# WHAT IS REQUIRED
Make an exact transcript of the lines in the data below, starting with the one containing "- Festive American-Made" and going on through the one containing "Jay Trace |", with both included and the pictures left out.

# INPUT DATA
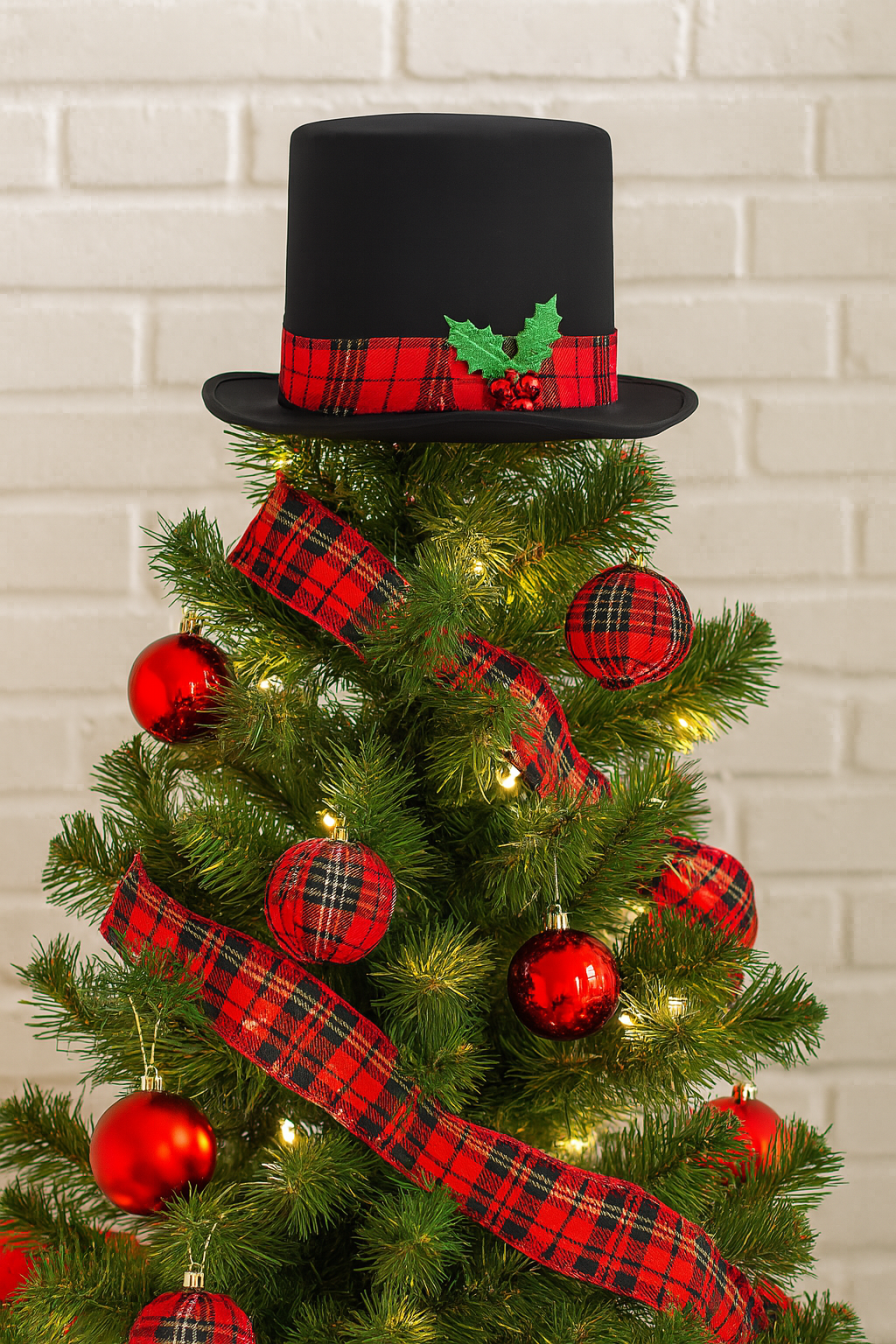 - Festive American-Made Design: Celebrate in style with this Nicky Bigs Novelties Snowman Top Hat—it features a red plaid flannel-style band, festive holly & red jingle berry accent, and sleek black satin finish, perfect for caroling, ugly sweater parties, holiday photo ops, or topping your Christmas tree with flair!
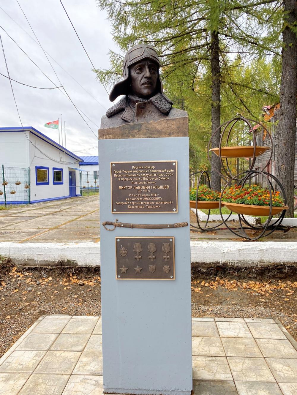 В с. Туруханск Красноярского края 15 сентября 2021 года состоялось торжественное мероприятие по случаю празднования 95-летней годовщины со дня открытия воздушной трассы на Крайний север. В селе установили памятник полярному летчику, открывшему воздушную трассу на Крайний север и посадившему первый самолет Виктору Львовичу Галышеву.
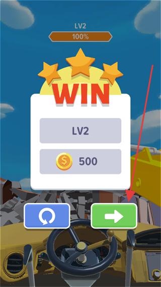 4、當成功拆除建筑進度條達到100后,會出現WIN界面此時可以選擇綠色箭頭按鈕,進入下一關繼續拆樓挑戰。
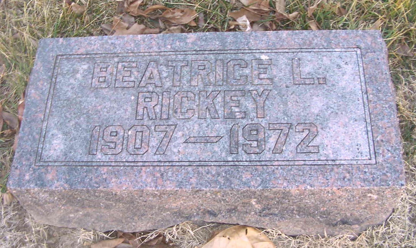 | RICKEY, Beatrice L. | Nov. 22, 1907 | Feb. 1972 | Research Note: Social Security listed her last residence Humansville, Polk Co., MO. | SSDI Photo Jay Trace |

...

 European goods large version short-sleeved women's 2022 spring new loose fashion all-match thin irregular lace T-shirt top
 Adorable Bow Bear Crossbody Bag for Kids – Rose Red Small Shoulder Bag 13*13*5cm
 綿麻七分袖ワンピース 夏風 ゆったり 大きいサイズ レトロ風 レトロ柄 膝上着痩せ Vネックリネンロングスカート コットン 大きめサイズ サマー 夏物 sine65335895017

---

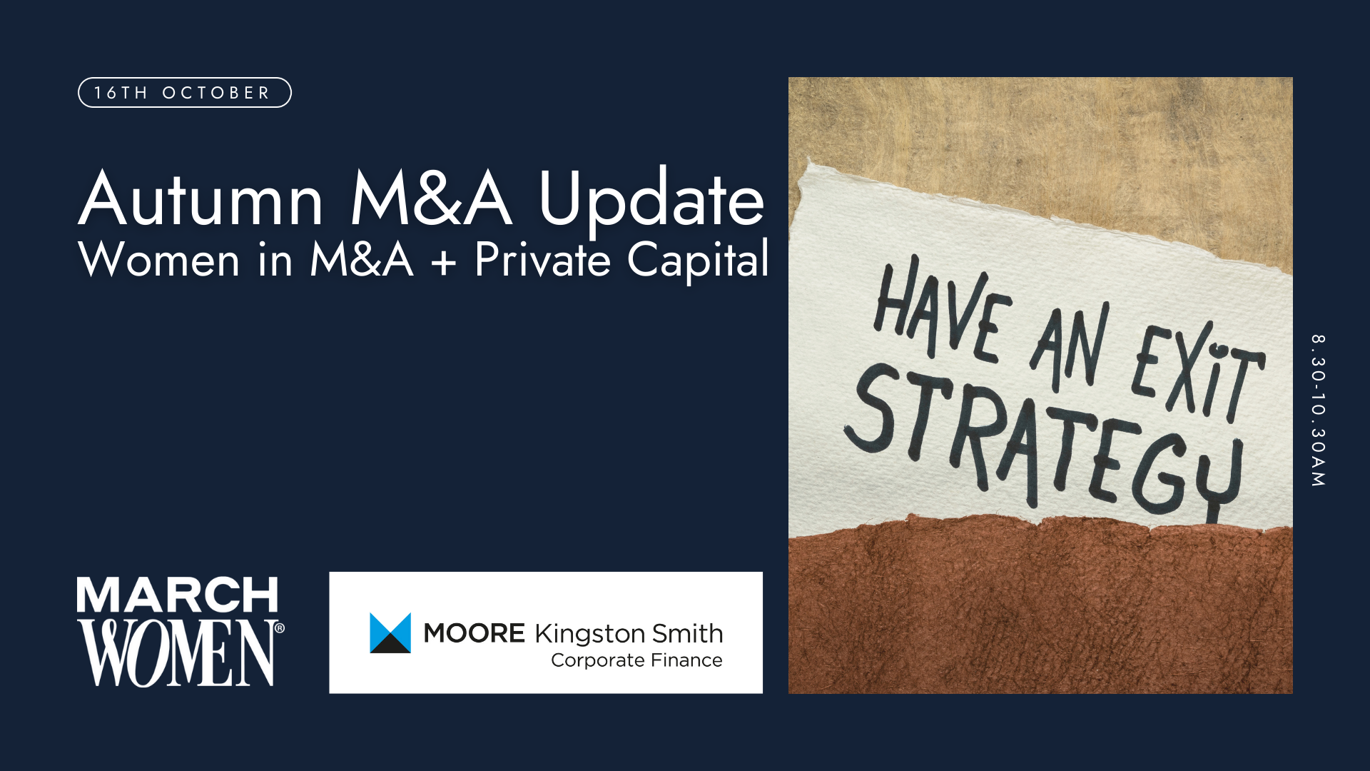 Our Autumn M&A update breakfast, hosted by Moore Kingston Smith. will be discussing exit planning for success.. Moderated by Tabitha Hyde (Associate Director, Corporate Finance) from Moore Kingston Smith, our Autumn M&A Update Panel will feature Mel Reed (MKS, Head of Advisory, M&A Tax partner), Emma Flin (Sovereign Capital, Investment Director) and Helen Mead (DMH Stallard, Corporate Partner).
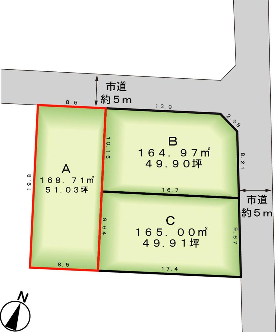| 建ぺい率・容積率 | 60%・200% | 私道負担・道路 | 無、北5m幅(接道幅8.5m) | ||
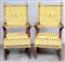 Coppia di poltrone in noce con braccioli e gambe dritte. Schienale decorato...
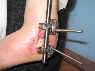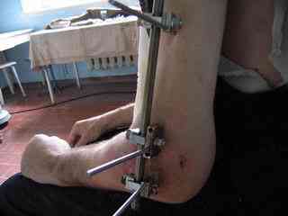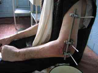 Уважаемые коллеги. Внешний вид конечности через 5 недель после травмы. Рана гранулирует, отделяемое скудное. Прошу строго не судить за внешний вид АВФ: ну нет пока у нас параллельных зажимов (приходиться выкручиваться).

# ANSWER TO THE EXERCISE
 - Festive American-Made Design: Celebrate in style with this Nicky Bigs Novelties Snowman Top Hat—it features a red plaid flannel-style band, festive holly & red jingle berry accent, and sleek black satin finish, perfect for caroling, ugly sweater parties, holiday photo ops, or topping your Christmas tree with flair!
 В с. Туруханск Красноярского края 15 сентября 2021 года состоялось торжественное мероприятие по случаю празднования 95-летней годовщины со дня открытия воздушной трассы на Крайний север. В селе установили памятник полярному летчику, открывшему воздушную трассу на Крайний север и посадившему первый самолет Виктору Львовичу Галышеву.
 4、當成功拆除建筑進度條達到100后,會出現WIN界面此時可以選擇綠色箭頭按鈕,進入下一關繼續拆樓挑戰。
 | RICKEY, Beatrice L. | Nov. 22, 1907 | Feb. 1972 | Research Note: Social Security listed her last residence Humansville, Polk Co., MO. | SSDI Photo Jay Trace |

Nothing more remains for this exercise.